Junge Pflegende schweigen oft über ihre Situation, sagt Agnes Leu, Leiterin des Forschungsprogramms Young Carers an der Fachhochschule Kalaidos in Zürich.

"Für mich ist es wie ein Tabu: Entweder verschweigen junge Leute das Thema, weil sie selber nicht wollen, dass alle davon wissen, oder die Person, die sie pflegen, will nicht, dass sie darüber reden", sagt Leu gegenüber swissinfo.ch.

Zum ersten Mal konnten Leu und ihr Team das Ausmass des Problems in der Schweiz beleuchten. Ihre landesweite Umfrage unter Kindern im Alter von 10 bis 15 Jahren an 230 Schweizer Schulen ergab, dass fast 8% der 4800 befragten Kinder Betreuungsaufgaben übernehmen.

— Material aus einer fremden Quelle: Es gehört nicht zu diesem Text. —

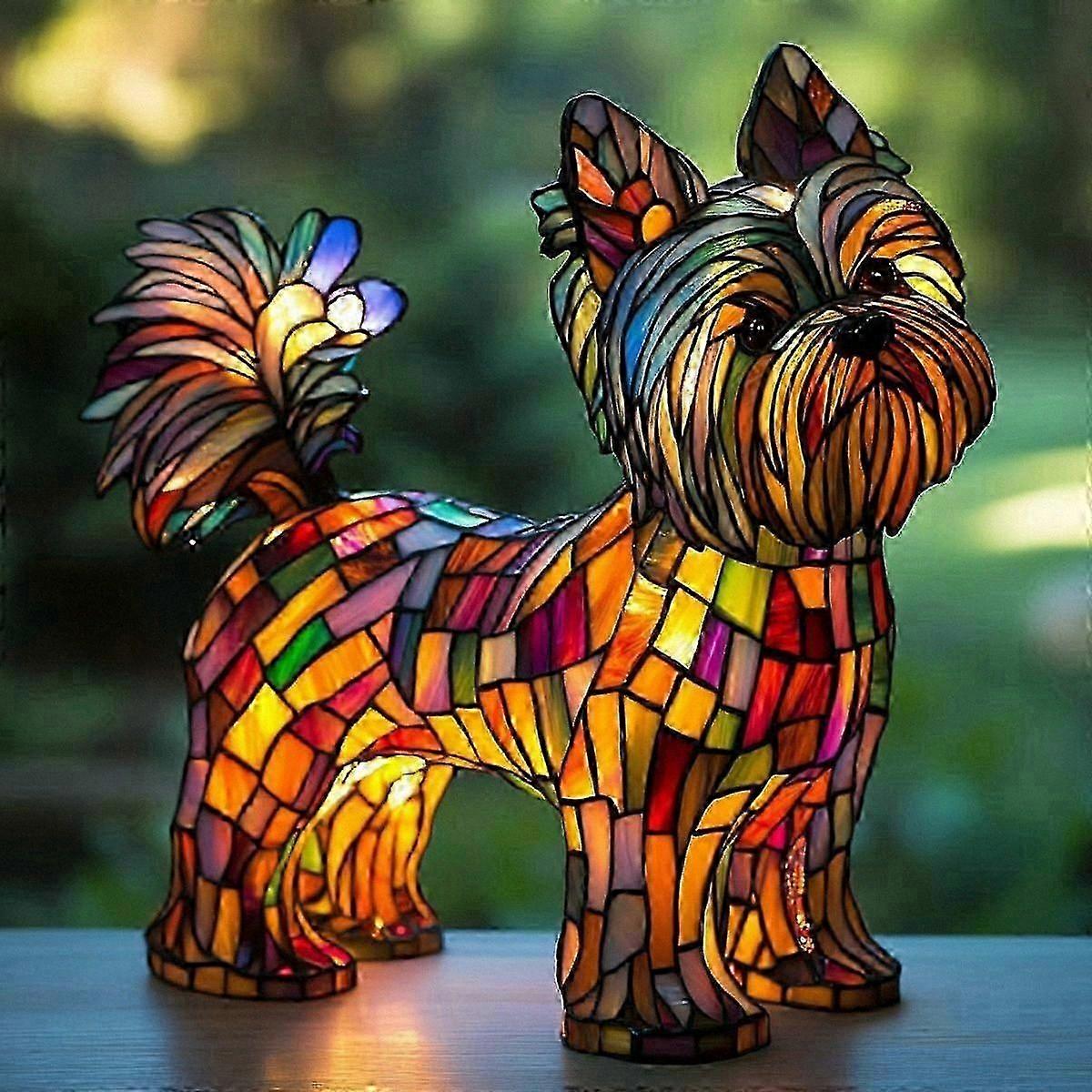 Hand-Painted Resin Dog Art Night Light, Yorkshire Terrier Design, Decorative Stained Lamp for Home ambiance Lighting

Das Ergebnis überraschte sogar Leu. Basierend auf Forschungen in anderen Ländern ging Leu davon aus, dass die Zahl der betroffenen Kinder auch in der Schweiz 4-5% betragen würde.

In Grossbritannien, dem Land, das seit fast 30 Jahren führend in der Forschung über junge Pflegende ist, liegt der Anteil der unter 18-Jährigen bei 2-4%.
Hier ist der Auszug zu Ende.